Oprócz tego, jeśli zdarzy mi się myć włosy metodą OMO (odżywka/olej, mycie, odżywka; od paru miesięcy tę metodę stosuję sporadycznie), używam także odżywek typowo bazowych do olejów, czyli takich, które zastowane same nie mają dużego wpływu na kondycję włosa, ale dobrze działają z olejem, bo a) nie każdy wypróbowany produkt działa cuda i b) szkoda mi na pierwsze O tych odżywek, które te cuda działają.


Odżywki bazowe mam dwie: Kallos i Green Pharmacy balsam z granatem i olejem arganowym. Wolę tę drugą, bo Kallos moje włosy ignorują kompletnie, a GP wchłania się jakby lepiej, jeśli użyję go z olejem.

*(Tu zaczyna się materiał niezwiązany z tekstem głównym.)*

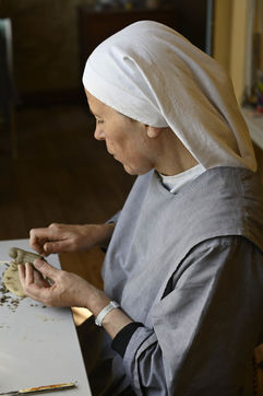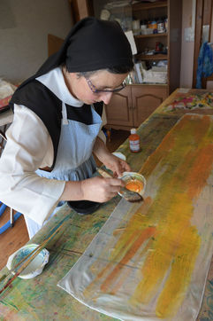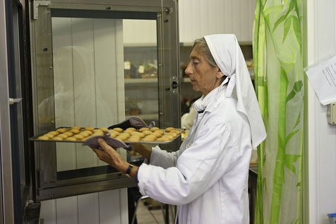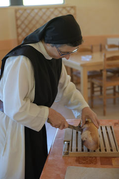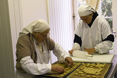 The community of Sainte-Marie du Rivet Abbey brings together fourteen Trappistine nuns of different origins and, for some, of different nationalities. Faithful to the rule of Saint Benoit "prayer and work", they pray seven times a day with a first office at 4:30 am (Vigils, early morning office) and work for monastic craftsmanship of recognized quality. Thus, since manual labor is fundamental in Cistercian spirituality and monasteries live from their small businesses, a task is assigned to each nun of the abbey. Some nuns make biscuits (cakes, shortbread, macaroons) others santons, candles and painted silk scarves.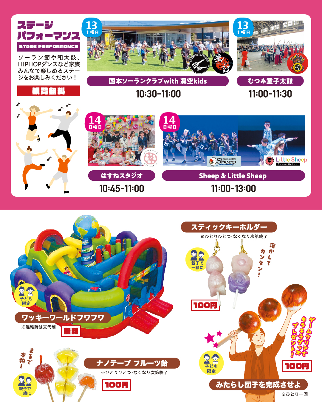 フード販売の他にも、ステージパフォーマンスやゲームに工作など、

Niezawarty w liście: miód. Ma właściwości odżywcze, lekko rozjaśniające, włosy są po nim miękkie i nawilżone. Najlepiej działa w połączeniu z olejem, ja używam słonecznikowego i jestem zachwycona. Stosuję miód płynny, nieskrystalizowany - najłatwiej go rozmieszać i nałożyć.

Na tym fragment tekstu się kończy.